## Stored data
== == ==
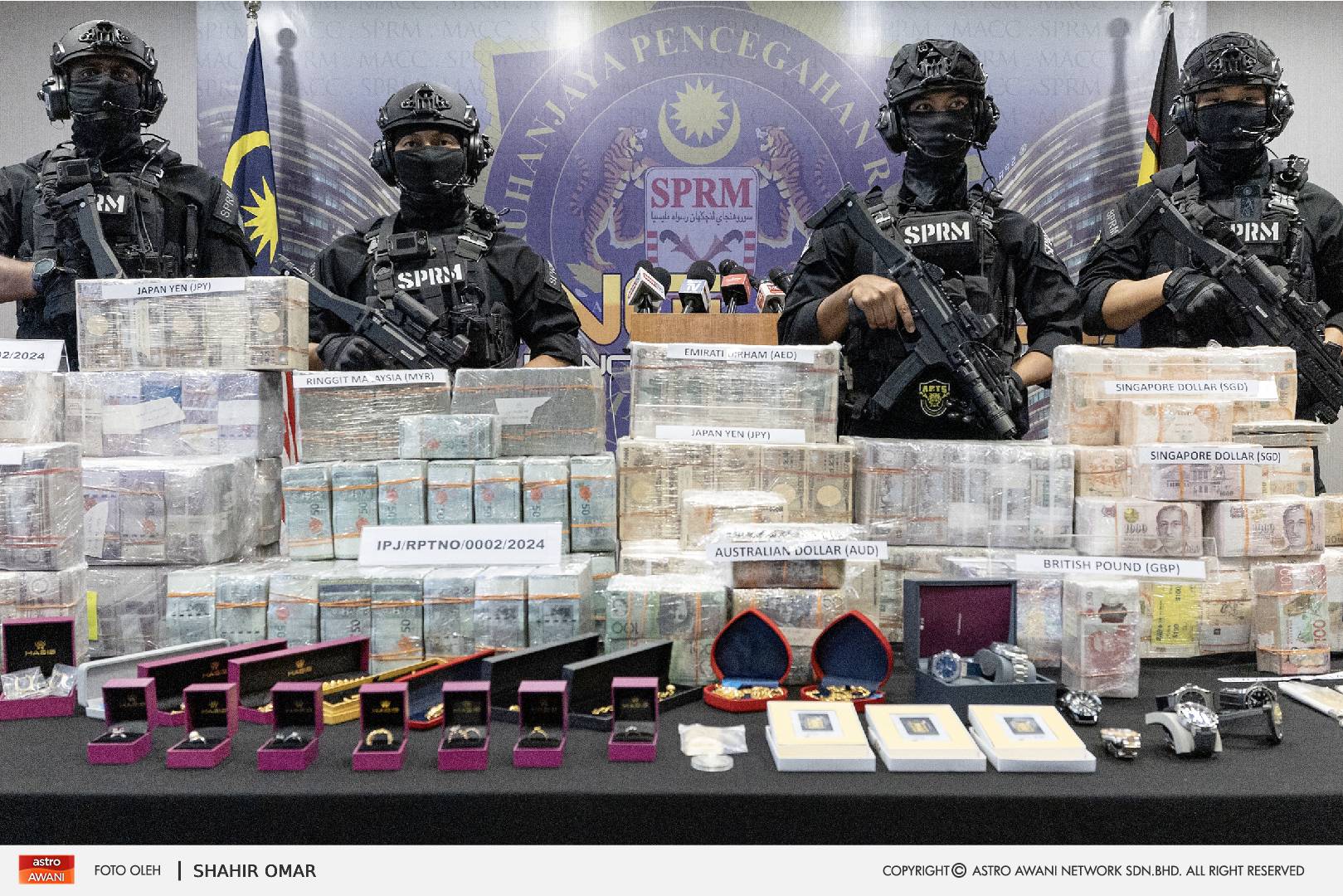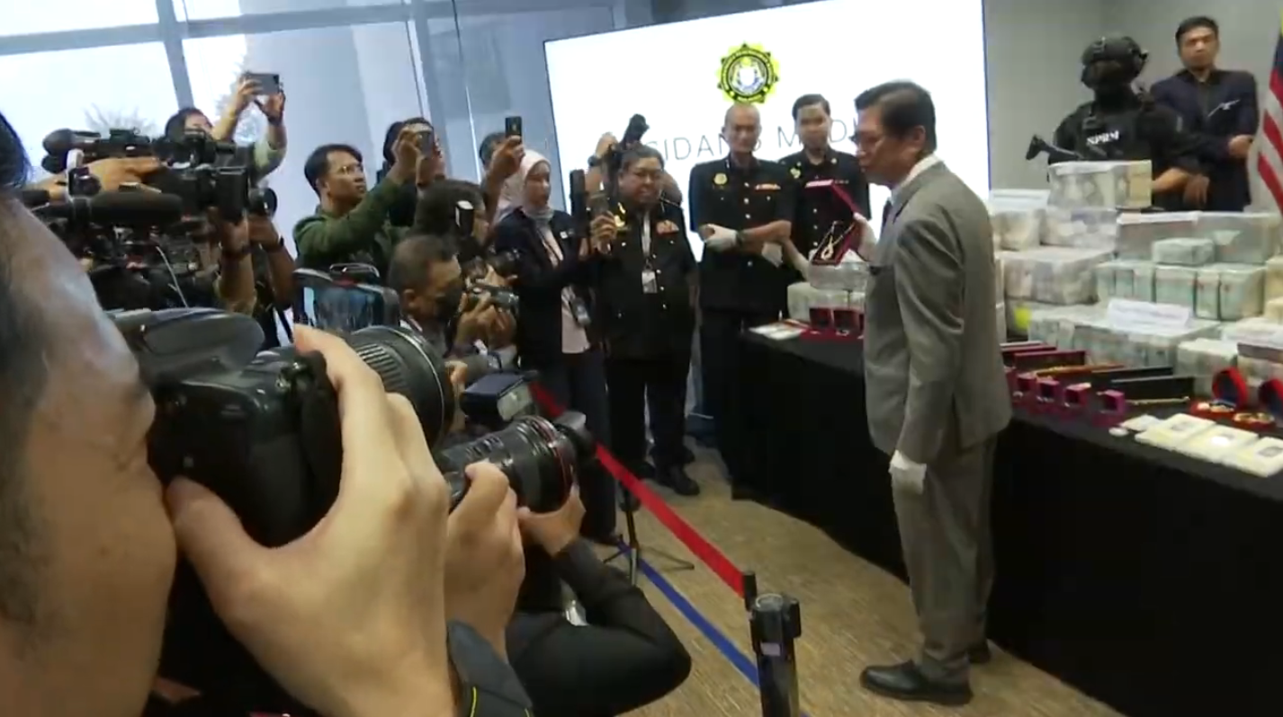 反贪会今日针对前首相依斯迈沙比里涉及的贪污案,召开堪称史上“最奢华的记者会”。现场不但展示反贪会搜获的大量各国现钞,还有金条、金饰和名表等,让人看傻了眼。
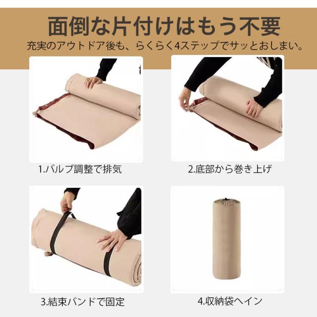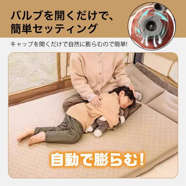 【吸気口を開けるだけですぐに自動で膨らむ】大型吸気口だから口を開いて置くだけで自動で膨らむ。短時間で自動で膨らむため、準備がらくらくです。また、逆流防止弁を使用したため1晩中快適な睡眠を実現。
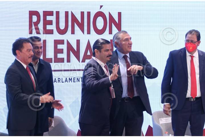CIUDAD DE MÉXICO, 25AGOSTO2022.- Ignacio Mier Velazco, coordinador del grupo parlamentario Morena; Adán Augusto, secretario de Gobernación; Rosa Icela Rodríguez Velázquez, secretaria de Seguridad y Protección Ciudadana; Ricardo Mejía Berdeja, subsecretario de seguridad; Carlos Alberto Puente, Partido verde y Reginaldo Sandoval Flores, Partido del Trabajo(PT) durante la inauguración de la 3era plenaria de Morena. FOTO: ANDREA MURCIA /CUARTOSCURO.COM
== == ==
## Task brief
The result should be an exact copy of the material, containing no pictures.

## Expected output
 反贪会今日针对前首相依斯迈沙比里涉及的贪污案,召开堪称史上“最奢华的记者会”。现场不但展示反贪会搜获的大量各国现钞,还有金条、金饰和名表等,让人看傻了眼。
 【吸気口を開けるだけですぐに自動で膨らむ】大型吸気口だから口を開いて置くだけで自動で膨らむ。短時間で自動で膨らむため、準備がらくらくです。また、逆流防止弁を使用したため1晩中快適な睡眠を実現。
CIUDAD DE MÉXICO, 25AGOSTO2022.- Ignacio Mier Velazco, coordinador del grupo parlamentario Morena; Adán Augusto, secretario de Gobernación; Rosa Icela Rodríguez Velázquez, secretaria de Seguridad y Protección Ciudadana; Ricardo Mejía Berdeja, subsecretario de seguridad; Carlos Alberto Puente, Partido verde y Reginaldo Sandoval Flores, Partido del Trabajo(PT) durante la inauguración de la 3era plenaria de Morena. FOTO: ANDREA MURCIA /CUARTOSCURO.COM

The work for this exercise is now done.